Martin has always been interesting to me because of the way he teeters between hilarious and laughably unfunny. Take The Jerk. That movie is genuinely funny, but about forty-five minutes in I always think about going to sleep or ordering a burrito. Cruel Shoes walks this line like Mary Lou Retton on a Russian balance beam. It is perfectly and weirdly confident. On his way across, Martin is going to do some fancy handsprings and a somersault and then nail the dismount. And oh, through it all, he’s going to wear that silly arrow-through-the-head thing. If this is funny, it is also kind of mysterious.
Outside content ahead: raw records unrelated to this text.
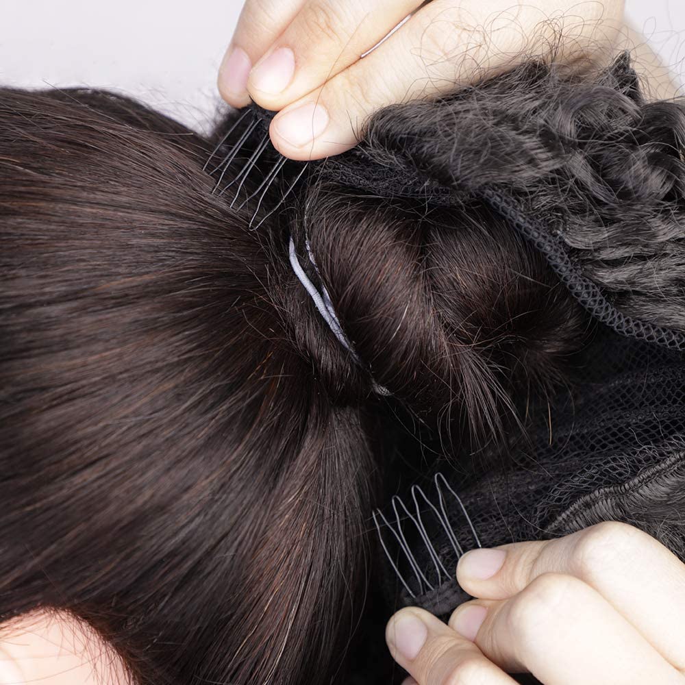 - Advantage of the product: it can be worn in a low or high ponytail as you wish. The hair flower is adjustable with tightening cord and 2 comb inside. It is best to keep the ponytail extension on your hair and it does not slip easily. They will not injure your hair and are easy to wear and remove.
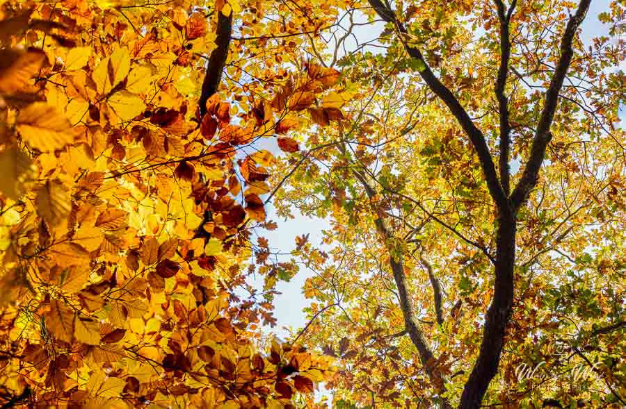 Maar tot mijn grote verrassing zag ik bij het landen op 30 oktober bij Eindhoven dat de bomen nog steeds vol in het blad zaten (ondanks de stormen hier in Nederland tijdens het begin van onze vakantie). En dat ook de kleuren nog moesten komen. Dus ik had goede hoop dat ik nog een keer op pad zou kunnen gaan om van de herfst in het bos te gaan genieten.
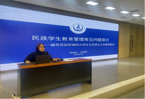 玛依拉·艾则孜作了题为《民族学生教育管理常见问题探讨——辅导员如何做好大学生马克思主义宗教观教育》的报告,她从开展大学生马克思主义宗教观教育的必要性、难点和高校辅导员如何做好马克思主义宗教观教育三方面阐述了在新时代背景下,加强大学生马克思主义宗教观教育的重要性和紧迫性。她谈到辅导员要深入了解大学生的思想动态和宗教信仰情况,有针对性地开展教育引导工作;要加强马克思主义宗教观的理论学习,提高自身的理论素养和教育能力;要创新教育方式方法,运用大学生喜闻乐见的形式和载体,增强教育的吸引力和感染力。
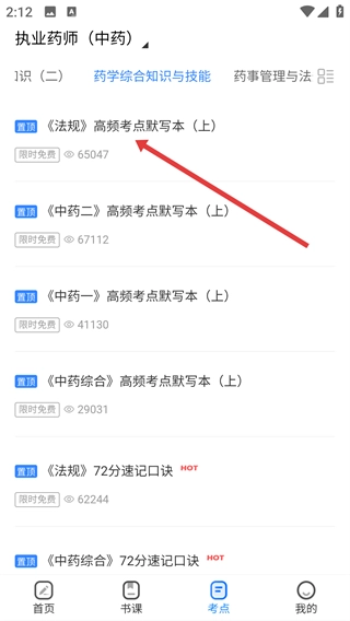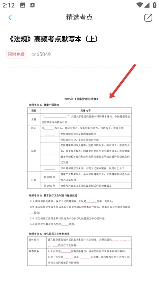 4、进入后可查看《法规》高频考点默写本(上)的精选考点,如2025年《药事管理与法规》的高频考点内容,进行考点学习。

As Andre Breton once remarked, “We are still living under the reign of logic.” To logic, we might add “genre.” Cruel Shoes isn’t really a book of humor. It’s a chapbook of surrealist poetry, a cry from the metaphysical wilderness, and a parody of, well, everything. A parody of parody. A parody so given to parody-ness that it tosses its reader into a lingual laundry machine and spits him out not knowing which way is up, what’s clean or dirty, what’s a poem, what’s a dream, what’s a joke.
Ultimately, it’s this mania that constitutes the book’s mystery. And this mystery, like its humor, is cumulative. What is pedestrian and not-so-funny on page two is somehow bizarre and uproarious by page fifty, sort of like an old photograph of you and your high school girlfriend that kind of gets you down until you realize you’re both wearing the same extra-large Gap sweater. Take the essay (poem? word jazz?) “The Confessions of Raymond to His Goldfish.” The conventional work of literary humor, then and now, is Aristotelian in structure. Not so with “Raymond,” or really anything else in Cruel Shoes. “Raymond” is just a tiny missive from a spaced-out man to his goldfish. No theatrics. No story. Just a promise that, should the fishbowl bust and send the fish flapping to the floor, Raymond will “find the water” to save this fish. I don’t know what that means or even if it’s funny, but I know that I love it.
To extend Breton, then: If Swift is a Surrealist in malice and Sade in sadism, Martin spins his surreality in laughter. You should read this book.